Distributional shock (pediatrics)
Pathogenesis and characteristics
Distributive shock means initially a relative lack/loss of intravascular volume by sudden peripheral vasodilatation. With excessively increased vascular permeability, capillary leak syndromu develops, which then leads to absolute hypovolemia due to extravascular fluid loss.
Since organ perfusion is affected by the pressure gradient and vascular resistance, failure of vasomotor tone and/or loss of control of circulating volume distribution can lead to shock syndrome, even when the cardiac index is completely normal or even elevated. The classic clinical picture is the initial stage of sepsis (high flow phase). Selective arteriolar dilation in shock states causes direct cellular damage and massive fluid transudation into the extracellular space. In the case of fluid transudation from the intravascular area into the interstitium, a hypovolemic type disorder is assigned to the distribution disorder. In this connection, let's recall the classic physiological division of microcirculation disorder into the "ebb and flow" phase. In the first phase of the circulatory disorder, we resolve the condition by supplementing the circulating volume, only in persistent hypotension do we indicate titration doses of inoconstrictors, possibly in combination with inodilators.

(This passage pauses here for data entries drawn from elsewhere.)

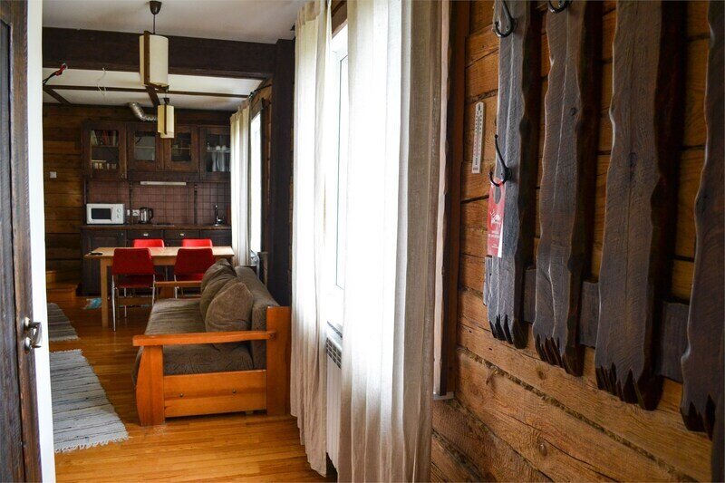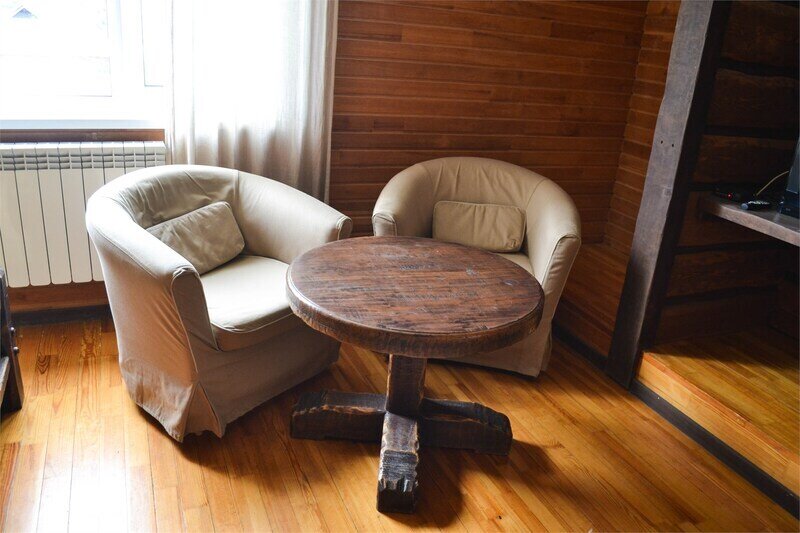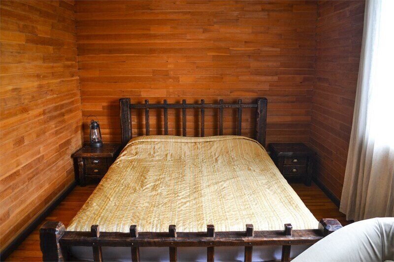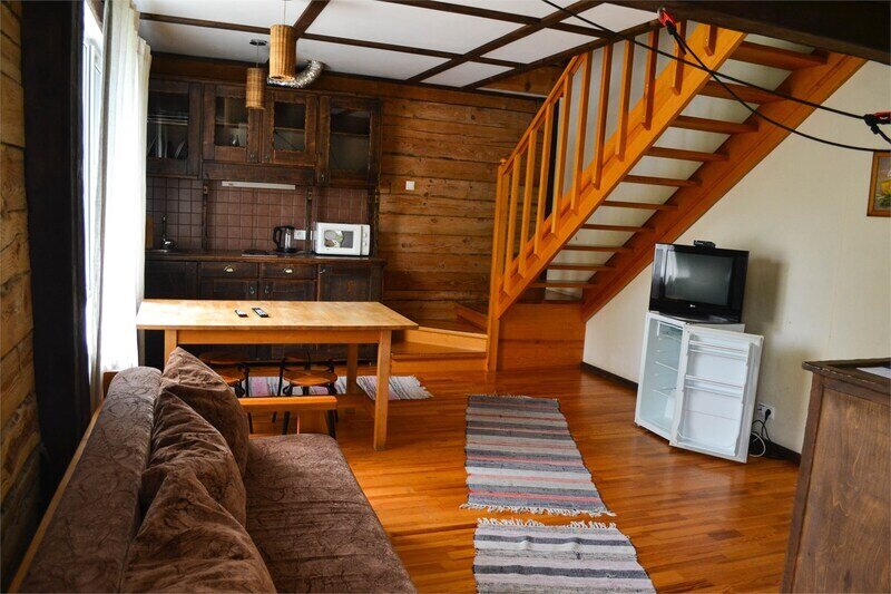 На втором этаже: двуспальная кровать, шкаф, прикроватные тумбы, журнальный столик, кресла, ТВ, телефон, фен, туалетная комната. Питаться можно как в ресторане гостиницы (возможно обслуживание в коттедже), так и самим, используя возможности кухни.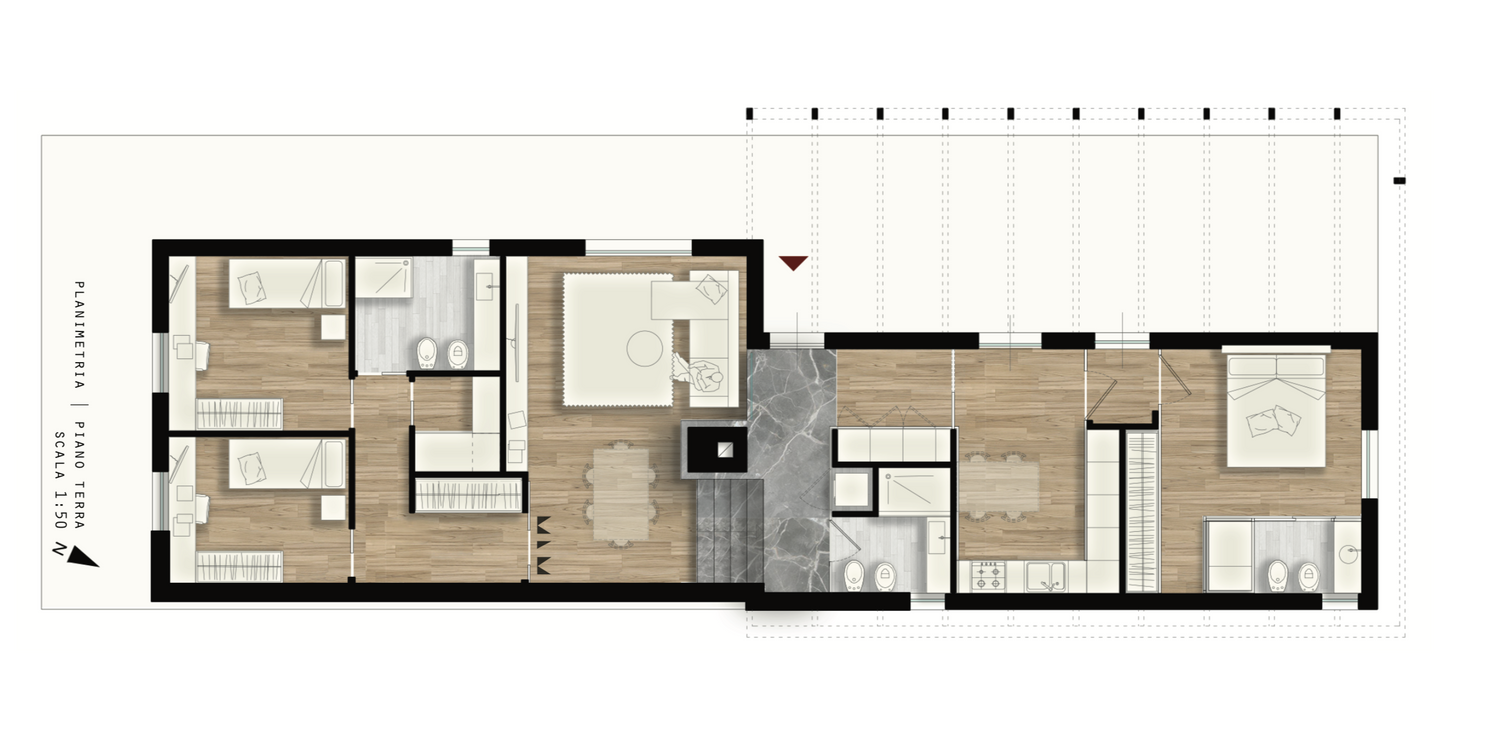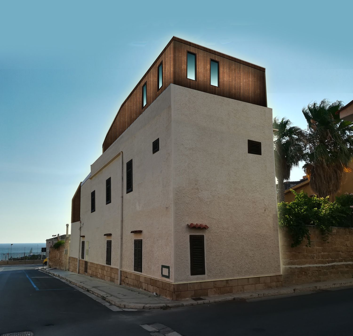 Progetto di ristrutturazione di una casa vicino al mare in provincia di Palermo. Il committente è un fotografo batterista, che passa molto tempo a giocare alla playstation e guardare film. Nella ridistribuzione degli spazi interni è stato dato spazio ad ogni hobby e interesse del committente, e dallo studio di fattibilità è emerso che si poteva aggiungere un livello al fabbricato, pensato come un volume ligneo che richiamasse le linee aero e idrodinamiche delle imbarcazioni.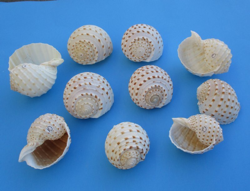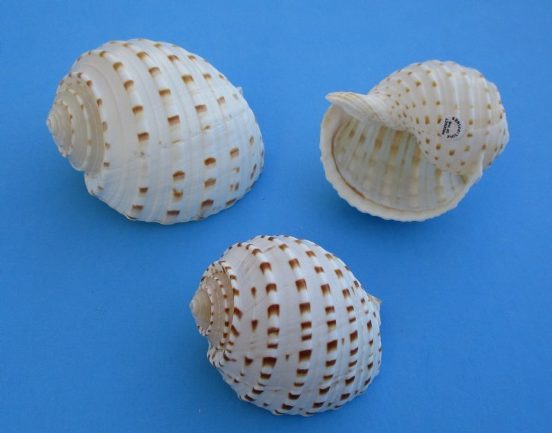 Spotted Tun Shells for Sale in bulk, Tonna dolium, also called tonna tessellata seashells for hermit crab homes measuring approximately 3 inches to 3-7/8 inches in size. Spotted tun shells are from the family Tonnidae. These shells are light weight and perfect homes for large hermit crabs, displaying air plants and for accents in shell baskets and glass containers used in seashell decor.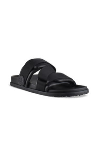 Mon Summer slide in black Moncler leather. Crossed straps in polyester with logo. Velcro straps. Logo patch on outside. Flat sole. Made in Italy.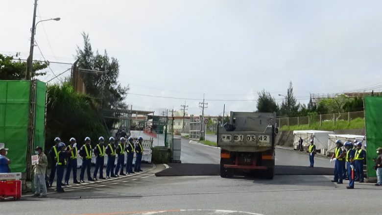 태풍 8 호의 영향으로 오키나와 방위국은 2 일간 공사를 중단했지만26 일 이후에는 매일 수십 대가 자재를 반입했다. 25 일에는 캠프 슈워브 미군기지에 처음으로 코로나19 확진자 2 명이라는 보도가 나왔다. 하지만 방위국은 공사를 계속한다는 방침을 즉시 밝혔다. 오키나와평화운동센터 의장 야마시로 히로지(山城博治) 씨는 “미군이 현내 코로나 감염 확대의 한 원인이다. 공사 계속은 있어서는 안되는 일이다. 코로나19가 진정될 때까지 모든 기지를 폐쇄해야 한다”고 말했다.

Etiologie[edit | edit source]
- sepsis
- anaphylaxis
- intoxication
- capillary leak syndrome
- traumatic shock
- spinal shock
- adrenal crisis
Traumatic shock[edit | edit source]
Traumatic shock is a combination of distributional shock and hypovolemic shock, most often due to simultaneous blood loss. However, traumatic shock can occur even without the presence of hypovolemia. If there is no blood loss and the clinical picture is affected only by the release of tissue mediators (if we overlook the activation of the sympathoadrenal system), it is classified as a distribution shock. Traumatic shock can also be of cardiogenic or obstructive origin (tension pneumothorax, myocardial contusion). The circulatory situation can be characterized by hypotension with an increase in CO/CI. Systemic vascular resistance is low, oxygen transport is increased, and the arteriovenous oxygen difference is smaller. Oxygen consumption is mostly the same. In the treatment of hemorrhagic shock, colloids (hydroxyethylamyla and plasma) along with erysma are preferred over crystalloids.
Septic shock[edit | edit source]
Septic shock is usually a combination of pathophysiological conditions. Septic shock is accompanied by hypovolemia, myocardial depression with the predominant influence of a distribution disorder. In the initial stages, in terms of circulatory parameters, it is described as a hyperdynamic state with high cardiac output and reduced systemic vascular resistance. The same hemodynamic picture is found in liver failure, hyperthyroidism and traumatic shock without significant hypovolemia. In septic shock, there is an abnormal situation in the area of peripheral perfusion. Initially, children are well perfused, have a widened pulse pressure, PulP (difference between sTK and dTK) and increased CI. However, the increase As a rule, CO/CI does not compensate for a significant decrease in SVRI, so systemic hypotension occurs. Over time, the function of the myocardium is also affected (reduced stroke volume and ejection fraction) and there is a decrease in CI. In the textbook case, the further development of the septic condition leads to an increase in peripheral vascular resistance and a picture of low flow. In the final phase, the function of the myocardium is affected, the picture is close to the symptomatology of cardiogenic shock and the development of MODS.
Anaphylactic shock[edit | edit source]
With extreme vasodilatation, hypotension, tachycardia and a decrease in the filling pressures of the heart chambers occur. Stroke volume is also reduced. From a clinical point of view, the finding of a patient with a warm, pink periphery with a threadlike pulse, tachycardia and systemic hypotension is important.
Therapy[edit | edit source]
The standard combination of current pharmacological regimens in the treatment of distributive shock is noradrenaline and titration therapy with replacement solutions.